To examine the seizure trajectories of adults with epilepsy developing drug-resistant epilepsy (DRE) and to identify the predictors of seizure trajectory outcome.Methods:
Adult patients failing two antiepileptic drugs (AEDs) due to inefficacy and starting their third AED at a tertiary epilepsy center were followed for seizure trajectory outcome during medical management. Seizure trajectories were categorized into one of four patterns: (1) course with constant seizures; (2) fluctuating course; (3) delayed attainment of seizure freedom (seizure freedom delayed for >12 months after start of the study, but patient stayed in seizure freedom); and (4) early attainment of seizure freedom (within 12 months of starting study). Multiple ordinal logistic regression models were used to estimate the association between trajectory categories and clinical factors.Results:
Four hundred three adult patients met the eligibility criteria. Of these, 212 (53%) never achieved a seizure-free period of a year or more. The trajectories of 63 patients (16%) had a complex fluctuating trajectory, 62 (15%) had delayed onset of seizure freedom, and 66 (16%) had an early seizure freedom. Independent predictors associated with more favorable outcome trajectories were epilepsy type and length of follow-up.

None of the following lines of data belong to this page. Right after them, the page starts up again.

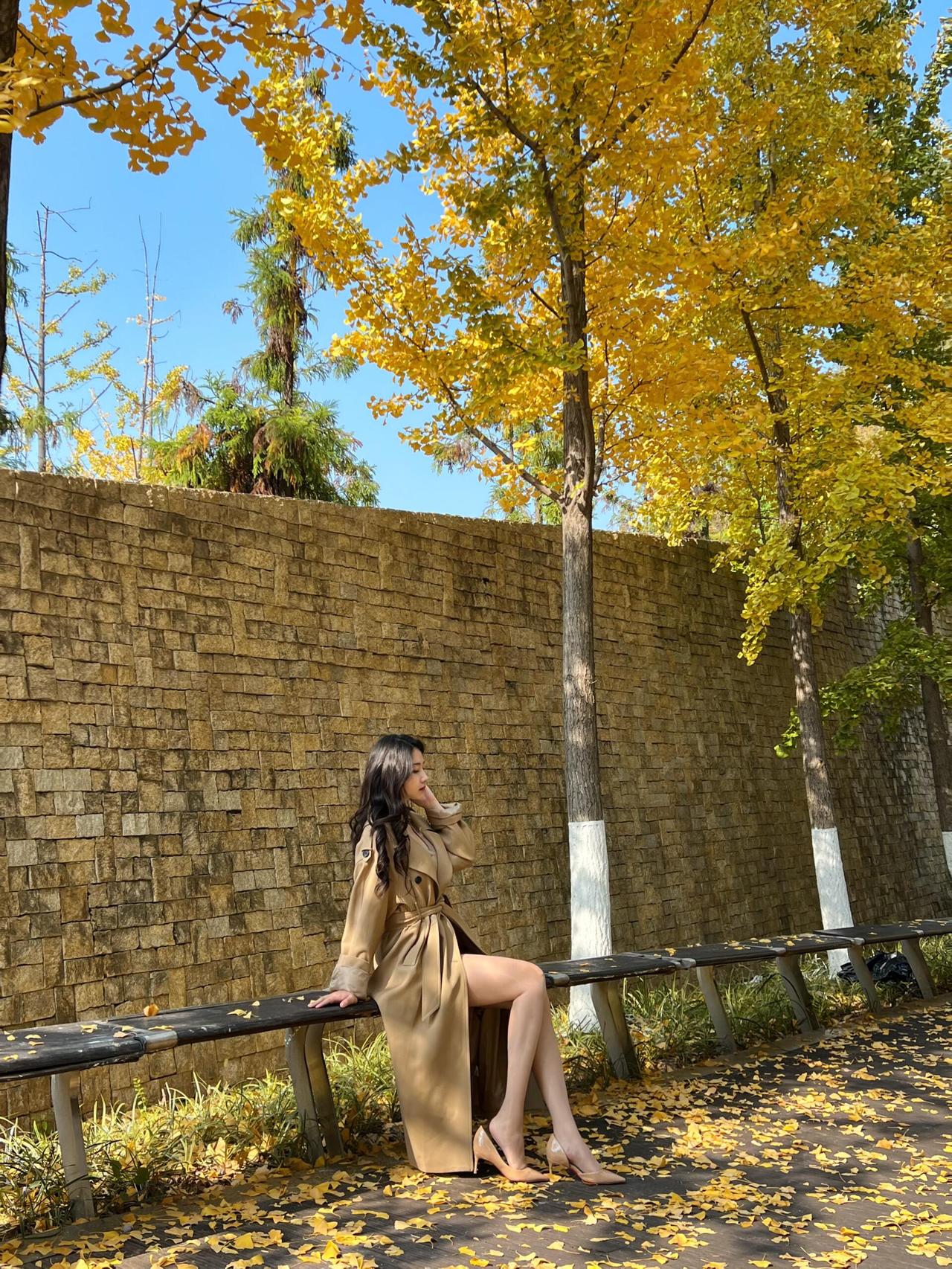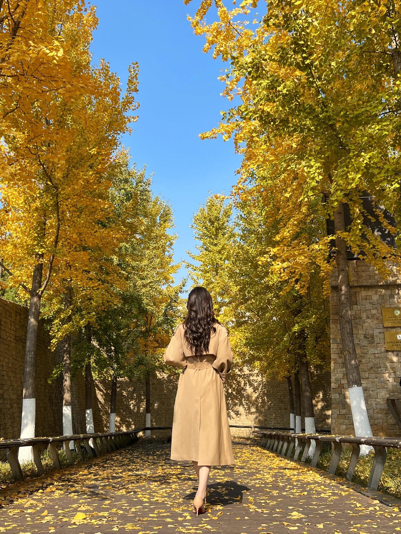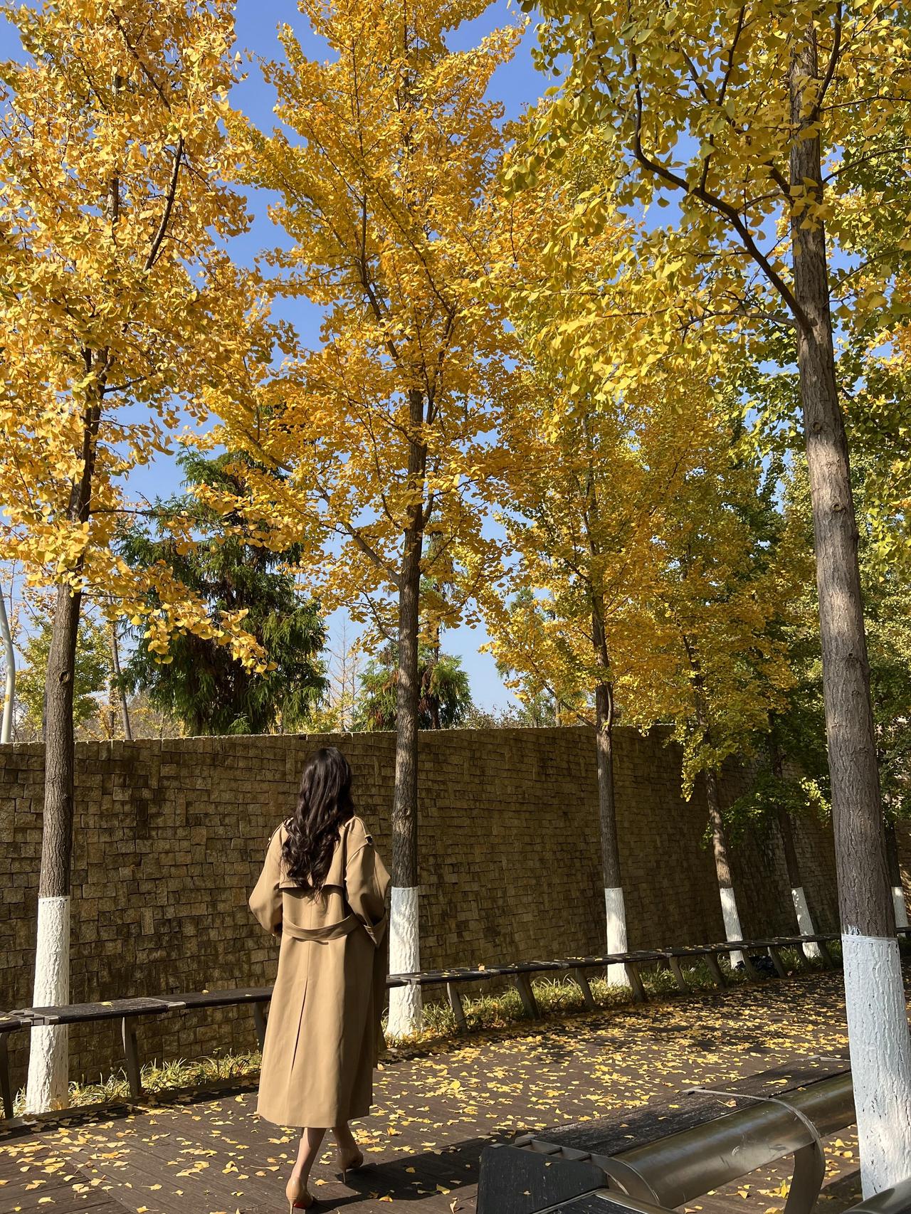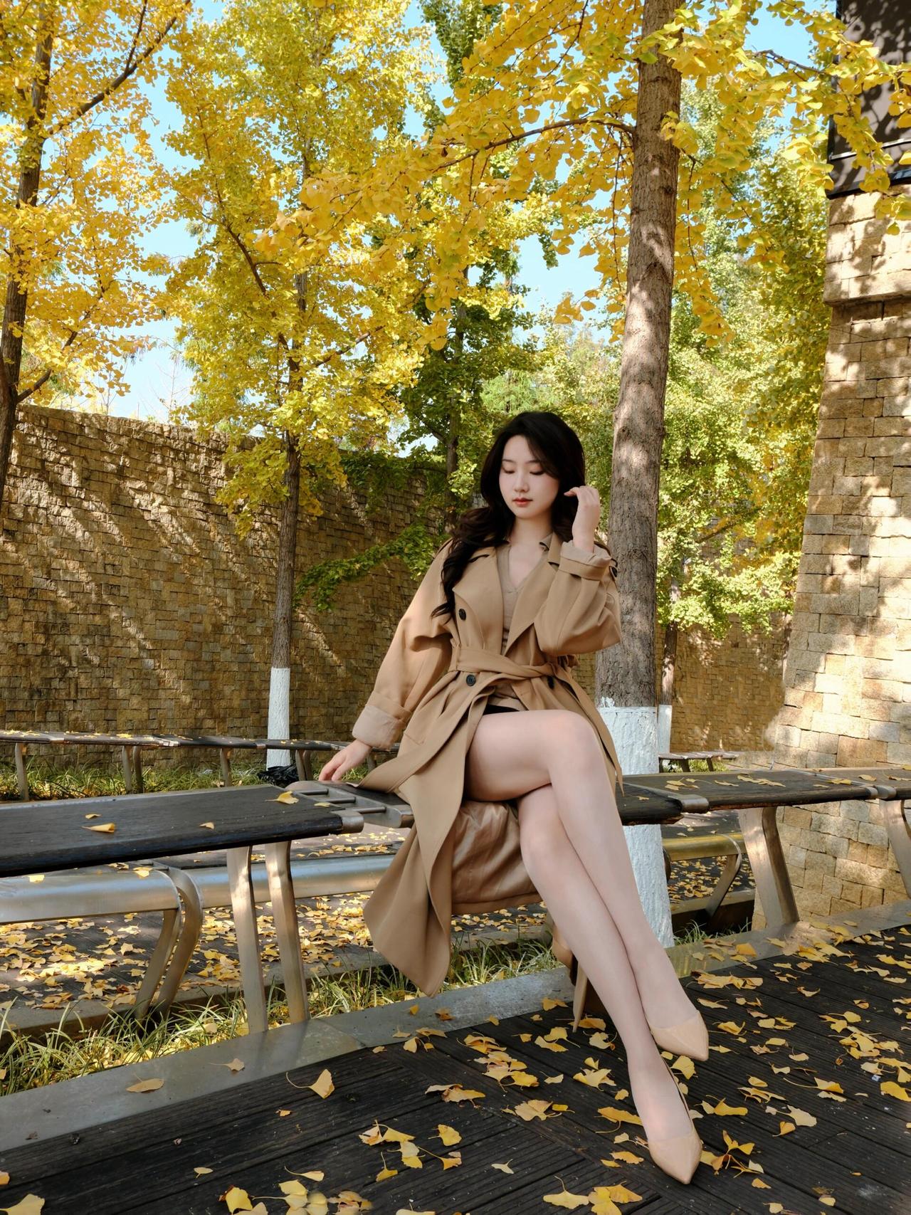碧云天,黄叶地, 秋色连波。 风衣掠过金黄的银杏林, 落叶轻吻脚踝, 每一步都踩在秋天的诗意里。 镜头定格的瞬间, 是风与光的私语, 也是时光写给大地的情书。 · · · · · · · · · · · · · · · 银杏季出片攻略|(姿势+参数) ①坐长椅「腿交叉+手搭膝」,仰拍显脸小; ②靠墙「腿微屈+手摸发」,利用落叶当前景; ③慢走抓拍背影,步伐放大更有动态感。 🎞参数:光圈f2.8/快门1/500s/ISO100,逆光开1.2ev补光; 秋日氛围感直接拉满~
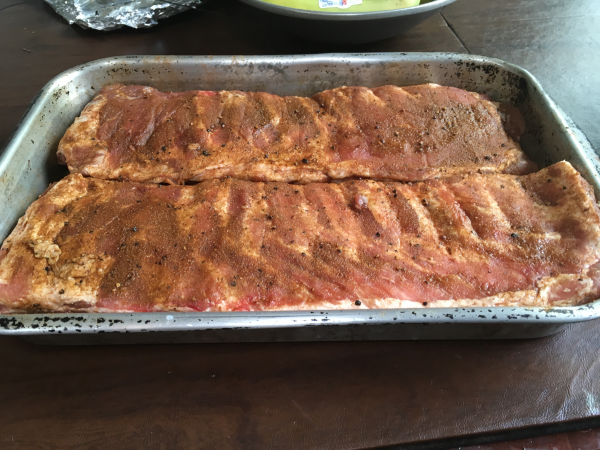 Four racks, untrimmed with sinew removed and rubbed with super secret dry rub 24hrs refrigerated.
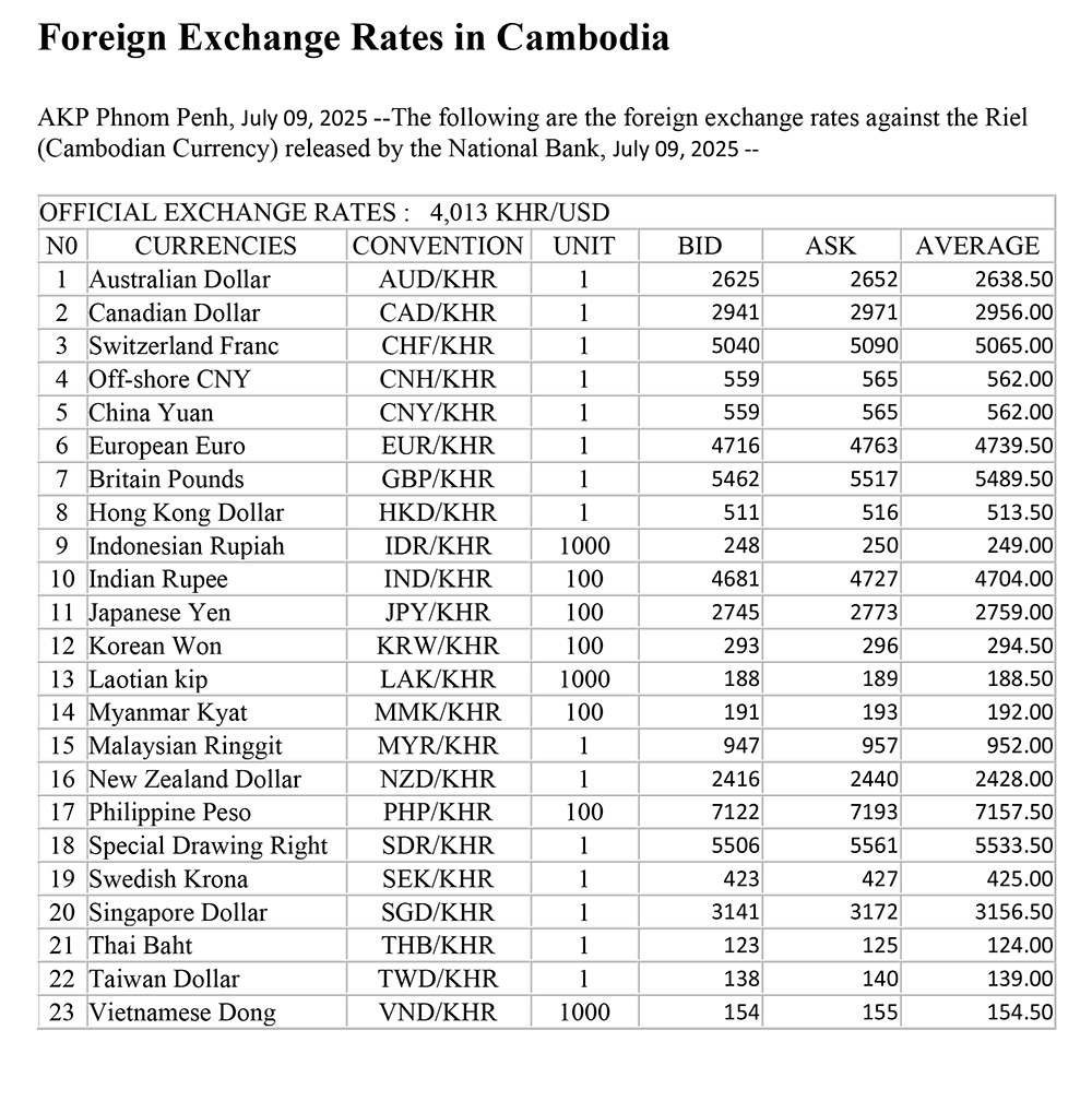 AKP Phnom Penh, July 09, 2025 --The following are the foreign exchange rates against the Riel (Cambodian Currency) released by the National Bank, July 09, 2025 --
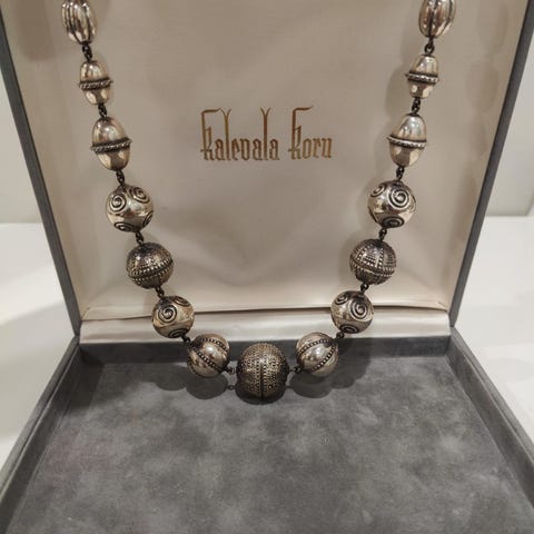 Kalevala Halikon kääty-kaulakoru. 70cm, valmistettu hopeasta. Kaulakorusta saa myös rannekorun. Mukana alkuperäinen Kalevala-korukotelo.
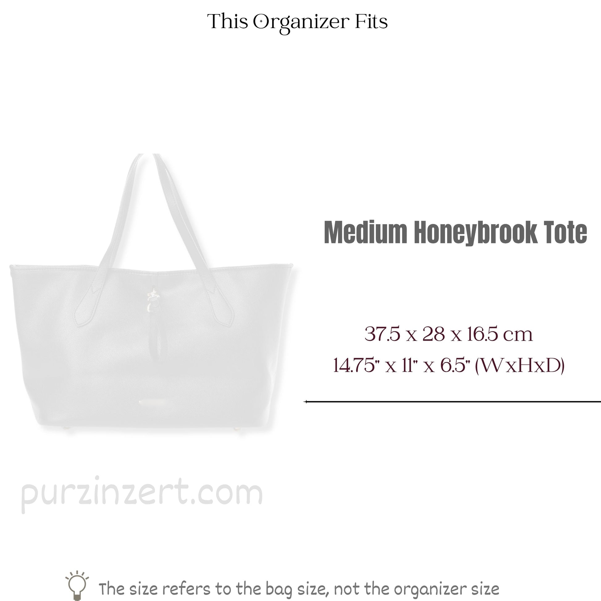 We also offer made-to-order organizers. To get one tailored for you - simply leave a note in the customization box with your bag name - interior base size - and preferred height. Our team will create an exact fit.
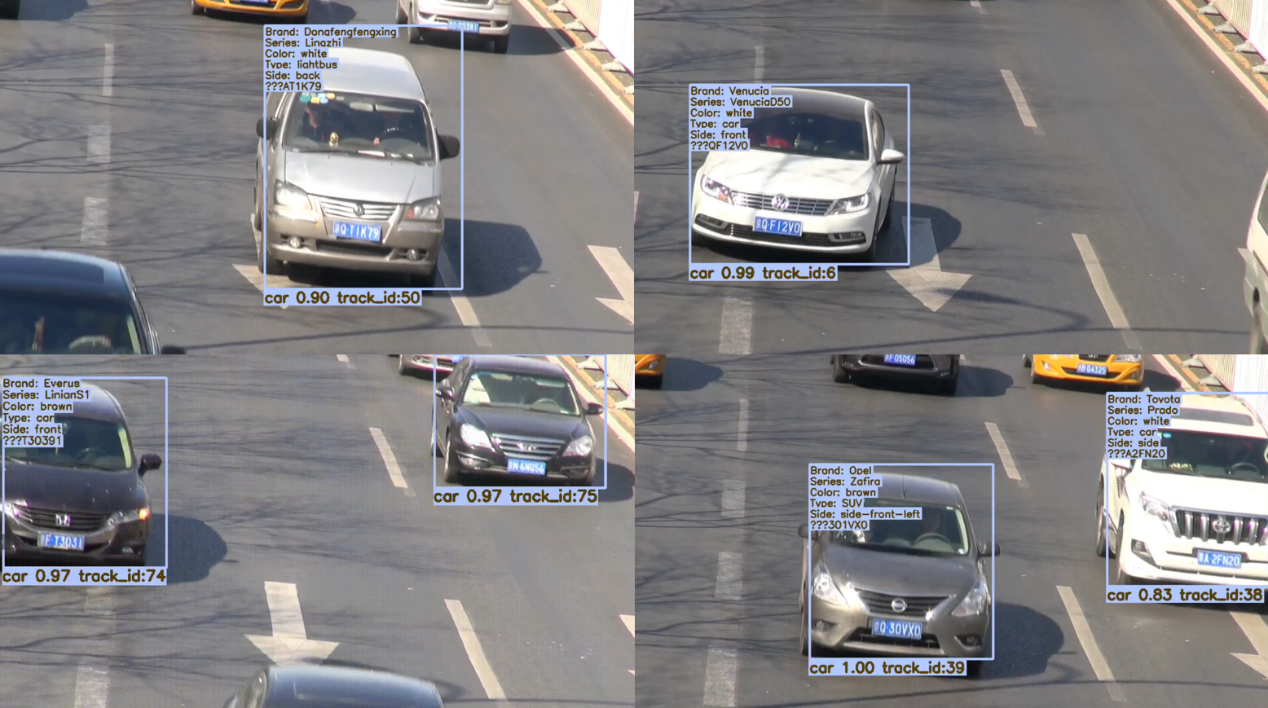为给客户提供定制化的整体解决方案,同时为展示寒武纪智能加速卡(MLU)的功能和性能,实现了一套包括视频解码、目标检测、目标追踪、车辆/行人属性识别、车牌识别等典型功能的视频结构化解决方案。
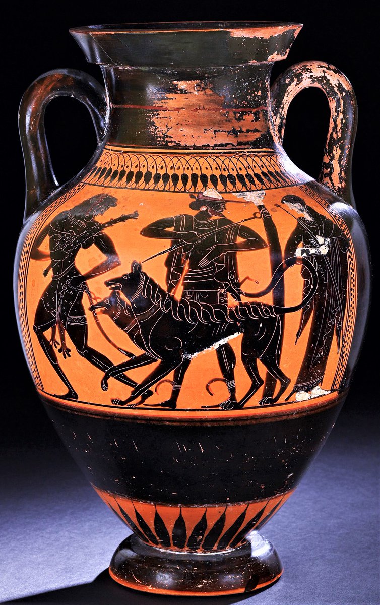 A brief discussion of some old IE motifs: Here is Herakles (left) seizing the dog of the netherworld Kerberos (note 2 headed here). Behind the dog is the god Hermes with his caduceus. To the right is the awful Persephone, the goddess of the realm of the dead. While Hermes is a
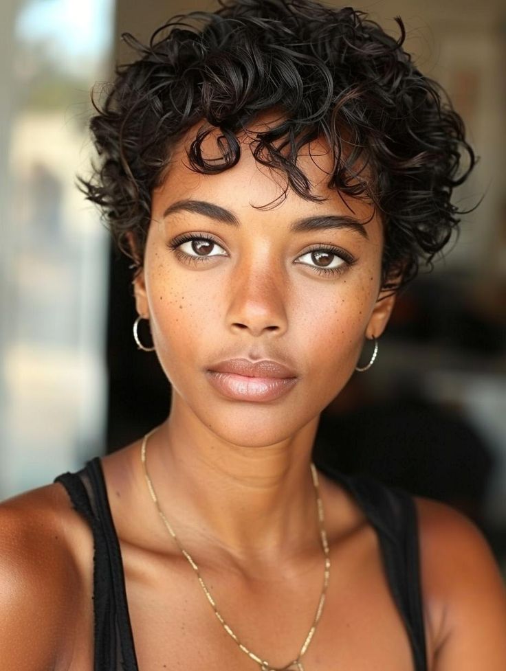 Vintage meets modern with this short, curly pixie cut. The defined curls bring a retro charm, while the layered structure ensures it remains fresh and contemporary. It’s perfect for round faces pixie cuts, offering a sleek, glamorous look.
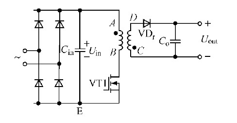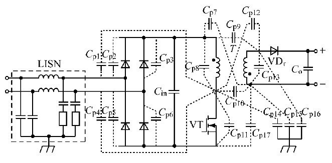 在圖1 所示的反激式開關電源中,變換器工作於連續模式時,開關管VT 導通後,B 點電位低於A 點,一次繞組匝間電容便會充電,充電電流由A 流向B;VT 關斷後,寄生電容反向充電,充電電流由B 流向A。這樣,變壓器中便產生了差模傳導EMI。同時,電源元器件與大地之間的電位差也會產生高頻變化。由於元器件與大地、機殼之間存在著分布電容,便產生了在輸入端與大地、機殼所構成回路之間流動的共模傳導EMI 電流。
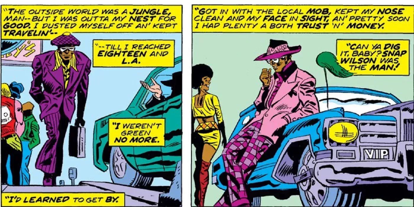 En su lugar, Cráneo utilizó el Cubo Cósmico para crear esa vida para el matón callejero de Harlem Sam "Snap" Wilson con el fin de acercarlo al Capi. En aquella época, Marvel perseguía el mercado del género "blaxploitation", por lo que convertir a Falcon en un estereotipo se consideró lo correcto, pero el asunto envejeció terriblemente. Marvel lo reconfiguró en All-New Captain America , pero definitivamente es algo a lo que no quieren que nadie preste atención.
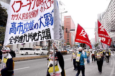 天神を圧倒する戦闘的デモ 「いざ、デモにうってでるぞ!」気合いに満ちたデモ指揮者の声で、白ヘル部隊は出発だ。「<プーチンの戦争>粉砕! 高市政権の大軍拡阻止!」と大書した横断幕を先頭に、反戦旗などの赤旗、そして色とりどりのノボリを林立させてデモ隊は天神の街並みを練り歩いた。 渡辺通りを三越前から北上し、西鉄福岡駅前、パルコ前を抜けた。たくさんの市民が歩道を埋めるように歩く横を、わが仲間たちは元気に行進した。「<プーチンの戦争>を許さないぞ」「アメリカのイラン攻撃を許さないぞ」「日米安保粉砕」「スパイ防止法の制定反対」「闘争放棄を決めこむ日共中央弾劾」――わが部隊のシュプレヒコールが天神一帯に轟き渡った。 |

Specifically, compared to patients with focal epilepsy of temporal lobe, patients with focal epilepsy of occipital lobe (OR 3.80, 95% confidence interval [CI] 1.00–14.51, p = 0.04), generalized genetic (OR 3.23, 95% CI 1.88–5.57, p < 0.0001), unclear epilepsy type (OR 3.82, 95% CI 1.53–9.52, p < 0.005), and both focal and generalized epilepsy(OR 11.73, 95% CI 1.69–81.34, p = 0.01) were significantly more likely to experience a better trajectory pattern.Significance:
Examination of patterns of seizure trajectory of patients with incident DRE showed that 31% were in continuous seizure freedom at the end of the observation period.